После последней промывки инкубируют клетки с соответствующими вторичными антителами в течение 45 минут при комнатной температуре и трижды промывайте клетки PBS перед установкой клеток с помощью монтажной среды, дополненной DAPI, и крышки. Затем запечатайте края крышки прозрачным лаком для ногтей и визуализируйте экспрессию клеточного маркера с помощью флуоресцентной конфокальной микроскопии с использованием соответствующих фильтров в соответствии со стандартными протоколами визуализации. После трех дней лечения TGF-бета-2 эндотелиальные клетки MS1 теряют свою булыжную структуру и дифференцируются в веретенообразные мезенхимально-подобные клетки.
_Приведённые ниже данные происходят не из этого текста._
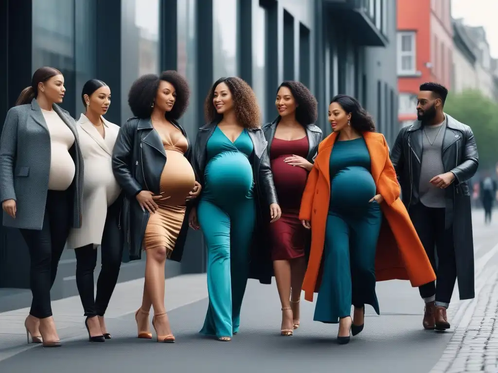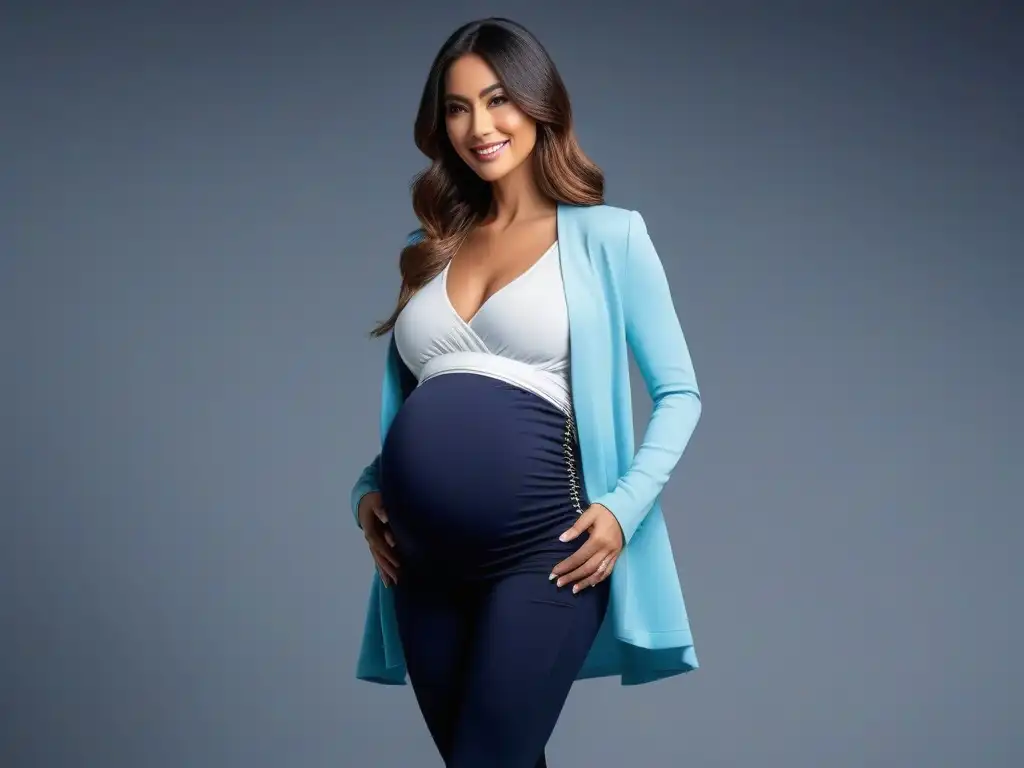 Una mujer embarazada viste ropa maternal ajustable y cómoda, irradiando empoderamiento y confianza
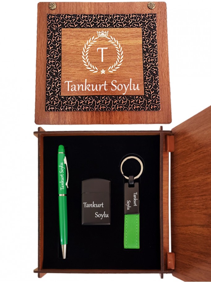İçerisinde özel tasarım aksesuarların olduğu Erkeğe Özel İsimli Kalem Çakmak Ve Anahtarlık Kutulu hediye ettiğiniz kişi gün içerisinde sürekli bu aksesuarları kullanacak.
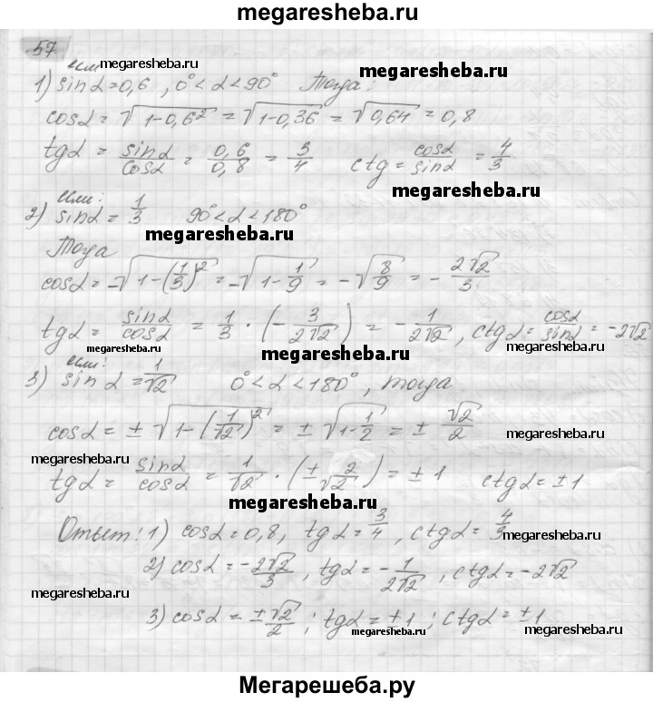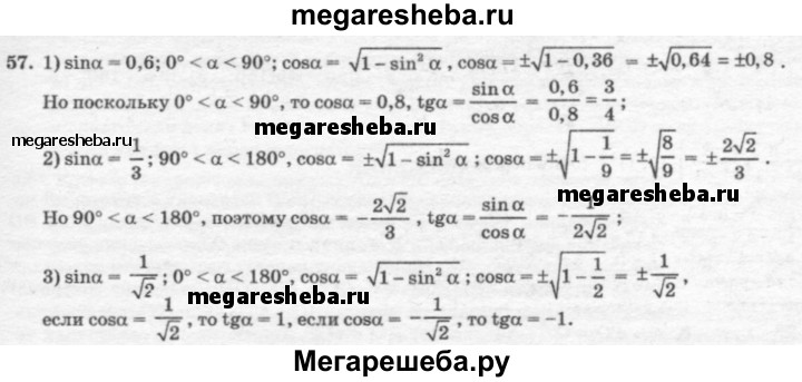 57. Найдите cosα и ctgα, если: 1) sinα = 0,6, 0° < a < 90°; 2) sinα = 1/3, 90° < a < 180°; 3) sinα = √2/2 0° < a < 180°.

Эта дифференцировка, индуцированная TGF-бета-2, подавляется, когда клетки подвергаются воздействию ингибитора киназы TGF-бета-рецепторов SB-431542. Экспрессия эндотелиального белка PECAM-1 значительно снижается после стимуляции TGF-бета-2, в то время как мезенхимальный фактор SM-22 альфа глубоко урегулируемый. Кроме того, Улитка заметно урегулируема воздействием TGF-beta 2, в то время как экспрессия Slug не затрагивается.
Как было замечено, редактирование гена CRISPR-Cas9 может быть использовано для облегчения введения двух независимых одноповодных РНК Snail в Cas9-экспрессирующие клетки MS1 для нарушения экспрессии улитки. Нокаут улитки достаточен для ингибирования фибробластоподобной морфологии клеток, обусловленной TGF-бета-2 в клетках MS1, и для блокирования Опосредованного TGF-бета-2 снижения PECAM-1 и альфа-усиления SM-22. Оценка изменений в морфологии клеток и экспрессии эндотелиальных и мезенхимальных маркеров иммунофлуоресценцией может быть дополнительно подтверждена путем измерения экспрессии этих маркеров на количественной ПЦР в анализе вестерн-блот.
Этот метод обнаружения эндотелиального перехода в мезенхимальный позволил исследователям исследовать это возникающее значение как физиологический процесс, который происходит при нескольких заболеваниях.